The jam-packed hall full of adamant homeowners overshadowed the array of other major issues on the council agenda. The council acted on several other issues, including:
- Approved the free, long-term lease of town land to allow a 150-room hotel and events center to move forward;
- Previewed a new Web site intended to attract tourists to Payson and enable them to plan and trip and book a room to "a mountain town with a Western heritage."
Homeowner protests focused on a proposed $42,000 contract to design a roundabout highway connector as part of the proposed $1.1 million extension of Mud Springs. The council approved the extension last year on a 5-2 vote, with Mayor Edwards and Councilman Ed Blair in opposition.

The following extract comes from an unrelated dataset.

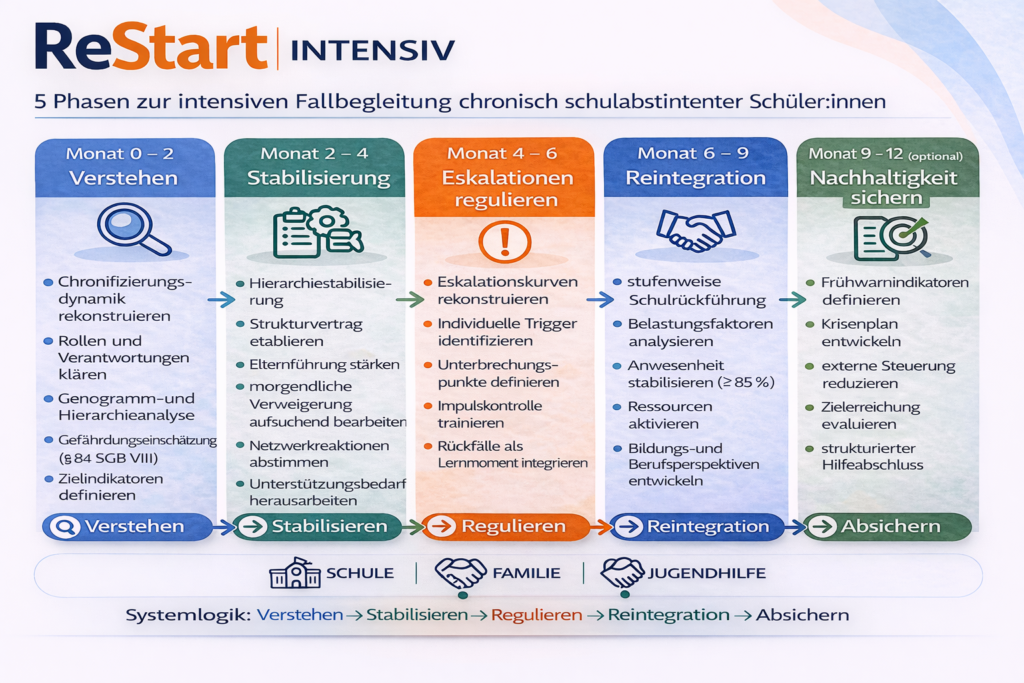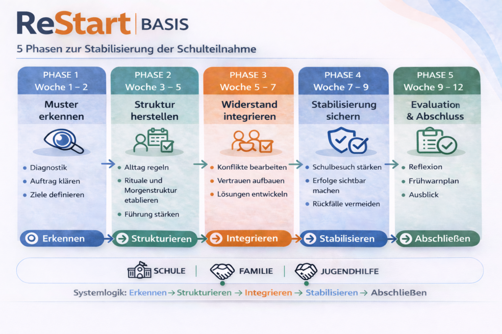 ist ein systemisches Interventionsmodell zur Stabilisierung von Schul-teilnahme. Die Unterstützung erfolgt in drei Stufen – je nach Dynamik und Bedarf.

But after Mayor Edwards, who lives in the neighborhood, in December put out an e-mail call for people to oppose the design contract, several homeowners gathered some 200 signatures in protest.

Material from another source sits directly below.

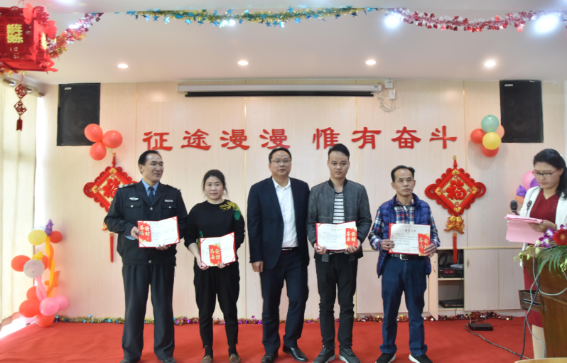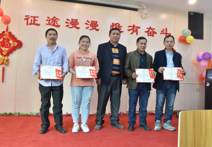 營銷部經(jīng)理伍綱強為邱高明、周美芳、黃榮先、龔超頒發(fā)先進(jìn)個人獎

"Will you trade the safety of our children and our seniors and our wildlife for less congestion in some areas? Is that a fair trade?" demanded Shirley Dye, who gathered 77 signatures opposing the plan.
However, longtime resident Ginger Henry strongly supported the extension, which will take traffic off the dangerous connection between Granite Dells and the highway and provide improved circulation and emergency access for the whole southeastern quadrant of the town.

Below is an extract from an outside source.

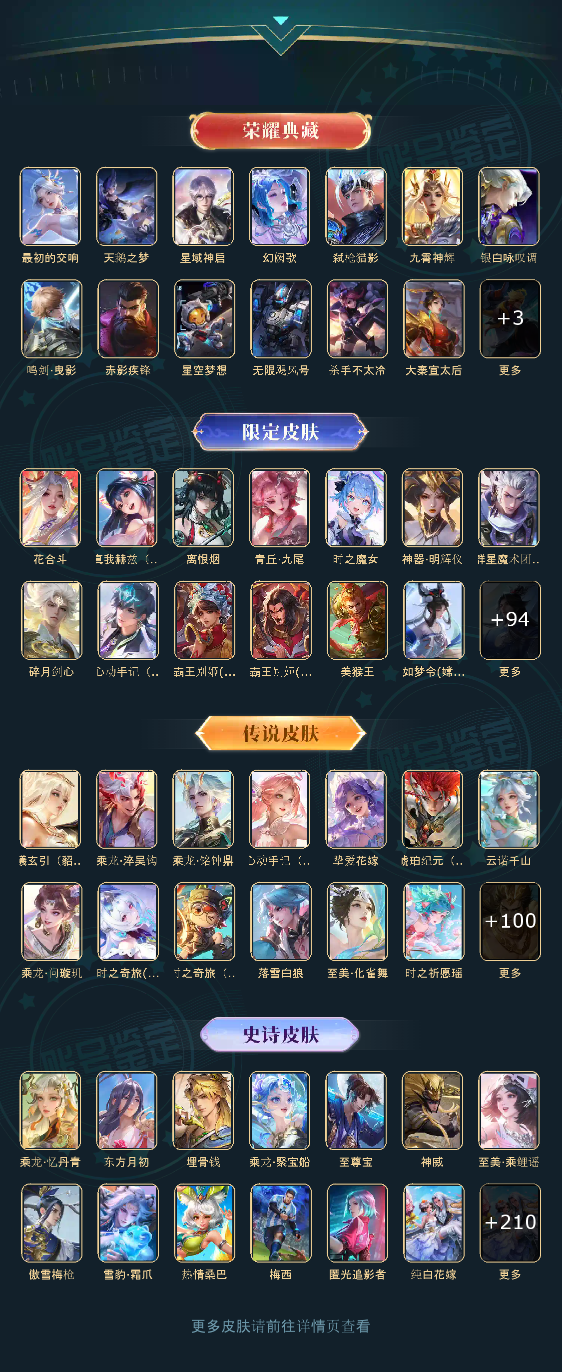 【苹果】 满典藏✨660皮✨八国服✨在榜省级鱼✨78段中路✨67段游走路✨满无双✨龙年全套✨传奇魔方✨守约新皮

Councilman Mike Vogel said the people living in modest homes on streets like Frontier who suffer from narrow streets crowded with drivers trickling through neighborhoods now didn't bother to make their case, believing the council doesn't care as much about them.
The council voted 4-3 to send the whole issue back to the Surface Transportation Committee for what looks like a six-month series of studies.
Once the smoke cleared from the road debate, the council turned to another long-smoldering issue -- Red Elephant Bakery owner Leoni Dobbins' plea that the council overrule town building and fire officials and let her install a smaller hood and fire suppression system over her restaurant stove. She appealed building officials' ruling that she needed a $15,000 fire suppression system on the stove, hoping for a less-comprehensive hood that would cost more like $10,000.
In the end, the council overruled town officials to carve out an exception for the bakery.
"I think that one size does not fit all," said Councilman Romance.
When it seemed obvious the council was about to grant the exemption, Councilman Vogel, a one-time Chicago firefighter, turned to Chief Building Official Ray LaHaye and Fire Chief Marti deMasi.
"Are you guys satisfied?" he asked.
"As a building official of the Town of Payson, no, I'm not," said LaHaye.
"Burned-out buildings don't attract many tourists," said deMasi.
But in the end, only Vogel voted against a fire code exception the town attorney said would only apply to this one business.
"Unlike the other people here, I've pulled bodies out of burned restaurants. Those rules are made because somebody dies," Vogel said.